■ Supplied entries ■

----

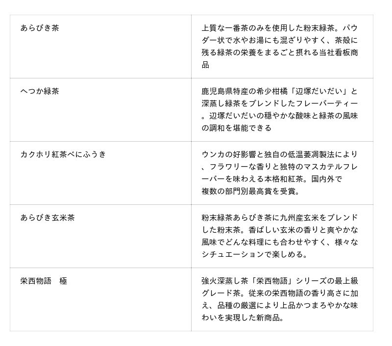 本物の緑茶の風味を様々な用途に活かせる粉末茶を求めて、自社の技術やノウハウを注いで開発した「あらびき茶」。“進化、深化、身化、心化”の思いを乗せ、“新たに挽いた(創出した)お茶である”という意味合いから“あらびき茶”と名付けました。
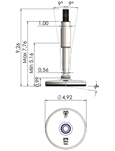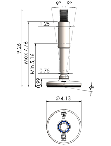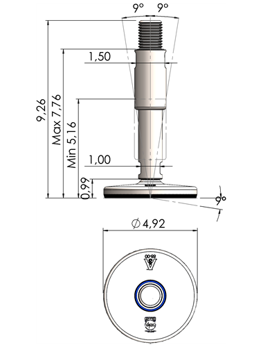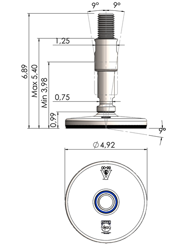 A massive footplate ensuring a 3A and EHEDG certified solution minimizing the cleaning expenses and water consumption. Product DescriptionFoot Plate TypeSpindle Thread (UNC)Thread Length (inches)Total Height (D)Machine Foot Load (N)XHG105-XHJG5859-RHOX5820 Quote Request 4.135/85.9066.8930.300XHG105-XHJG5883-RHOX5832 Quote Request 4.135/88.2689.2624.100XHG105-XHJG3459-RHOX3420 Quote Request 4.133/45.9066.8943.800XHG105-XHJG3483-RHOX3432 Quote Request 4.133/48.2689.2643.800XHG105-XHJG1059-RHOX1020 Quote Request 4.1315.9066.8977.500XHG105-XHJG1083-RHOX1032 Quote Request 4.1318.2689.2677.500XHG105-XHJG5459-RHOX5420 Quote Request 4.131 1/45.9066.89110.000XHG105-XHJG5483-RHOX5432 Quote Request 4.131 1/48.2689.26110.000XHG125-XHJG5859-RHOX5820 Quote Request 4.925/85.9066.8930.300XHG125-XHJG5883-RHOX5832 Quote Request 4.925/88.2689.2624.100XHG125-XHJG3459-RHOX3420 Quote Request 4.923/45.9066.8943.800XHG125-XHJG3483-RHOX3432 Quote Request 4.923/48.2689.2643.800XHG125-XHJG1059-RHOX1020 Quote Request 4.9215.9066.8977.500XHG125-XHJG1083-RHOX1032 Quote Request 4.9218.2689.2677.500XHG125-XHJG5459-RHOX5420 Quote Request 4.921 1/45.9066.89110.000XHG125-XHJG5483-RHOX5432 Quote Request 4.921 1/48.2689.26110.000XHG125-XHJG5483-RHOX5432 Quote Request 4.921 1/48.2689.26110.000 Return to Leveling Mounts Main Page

----

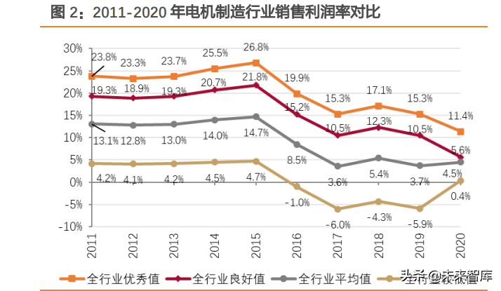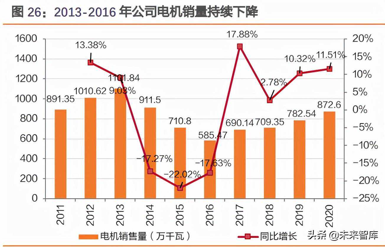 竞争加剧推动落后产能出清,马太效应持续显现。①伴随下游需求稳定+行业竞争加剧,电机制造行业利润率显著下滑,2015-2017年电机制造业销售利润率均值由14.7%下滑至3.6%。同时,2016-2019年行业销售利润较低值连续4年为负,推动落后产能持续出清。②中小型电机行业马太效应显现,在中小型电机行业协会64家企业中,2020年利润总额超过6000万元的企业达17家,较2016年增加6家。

----

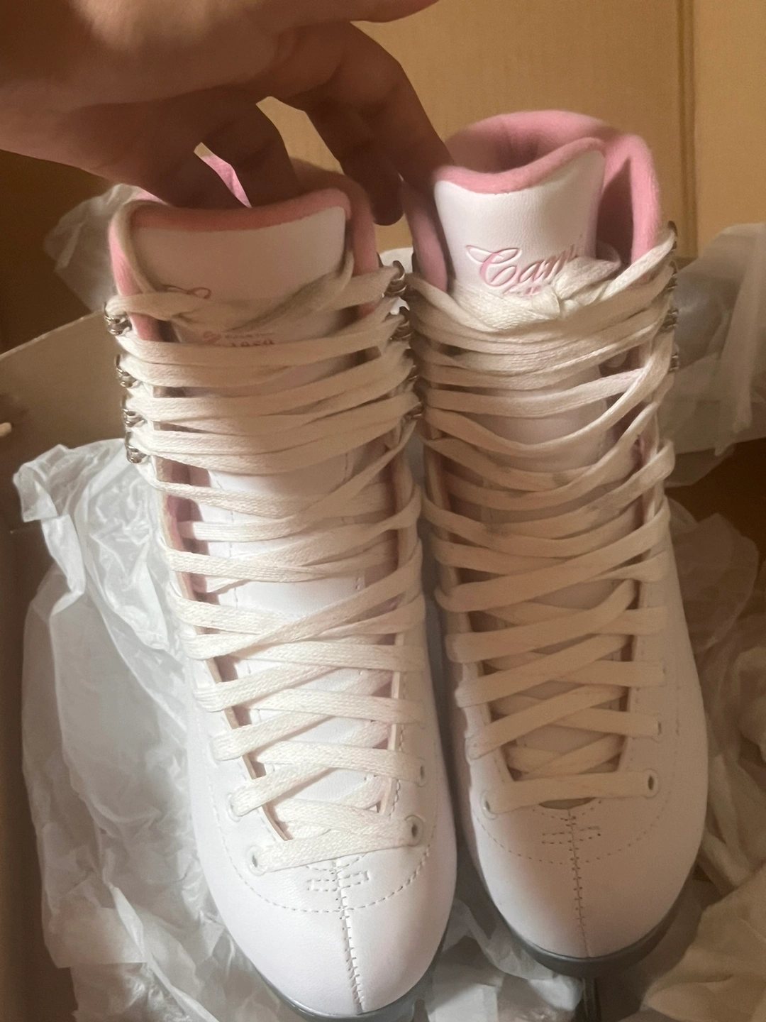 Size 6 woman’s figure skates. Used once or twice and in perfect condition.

----

Take the lines above starting at the one containing "本物の緑茶の風味を様々な用途" and ending at the one containing "A massive footplate", and print them again exactly, without pictures.

■ Solution to this problem ■
 本物の緑茶の風味を様々な用途に活かせる粉末茶を求めて、自社の技術やノウハウを注いで開発した「あらびき茶」。“進化、深化、身化、心化”の思いを乗せ、“新たに挽いた(創出した)お茶である”という意味合いから“あらびき茶”と名付けました。
 A massive footplate ensuring a 3A and EHEDG certified solution minimizing the cleaning expenses and water consumption. Product DescriptionFoot Plate TypeSpindle Thread (UNC)Thread Length (inches)Total Height (D)Machine Foot Load (N)XHG105-XHJG5859-RHOX5820 Quote Request 4.135/85.9066.8930.300XHG105-XHJG5883-RHOX5832 Quote Request 4.135/88.2689.2624.100XHG105-XHJG3459-RHOX3420 Quote Request 4.133/45.9066.8943.800XHG105-XHJG3483-RHOX3432 Quote Request 4.133/48.2689.2643.800XHG105-XHJG1059-RHOX1020 Quote Request 4.1315.9066.8977.500XHG105-XHJG1083-RHOX1032 Quote Request 4.1318.2689.2677.500XHG105-XHJG5459-RHOX5420 Quote Request 4.131 1/45.9066.89110.000XHG105-XHJG5483-RHOX5432 Quote Request 4.131 1/48.2689.26110.000XHG125-XHJG5859-RHOX5820 Quote Request 4.925/85.9066.8930.300XHG125-XHJG5883-RHOX5832 Quote Request 4.925/88.2689.2624.100XHG125-XHJG3459-RHOX3420 Quote Request 4.923/45.9066.8943.800XHG125-XHJG3483-RHOX3432 Quote Request 4.923/48.2689.2643.800XHG125-XHJG1059-RHOX1020 Quote Request 4.9215.9066.8977.500XHG125-XHJG1083-RHOX1032 Quote Request 4.9218.2689.2677.500XHG125-XHJG5459-RHOX5420 Quote Request 4.921 1/45.9066.89110.000XHG125-XHJG5483-RHOX5432 Quote Request 4.921 1/48.2689.26110.000XHG125-XHJG5483-RHOX5432 Quote Request 4.921 1/48.2689.26110.000 Return to Leveling Mounts Main Page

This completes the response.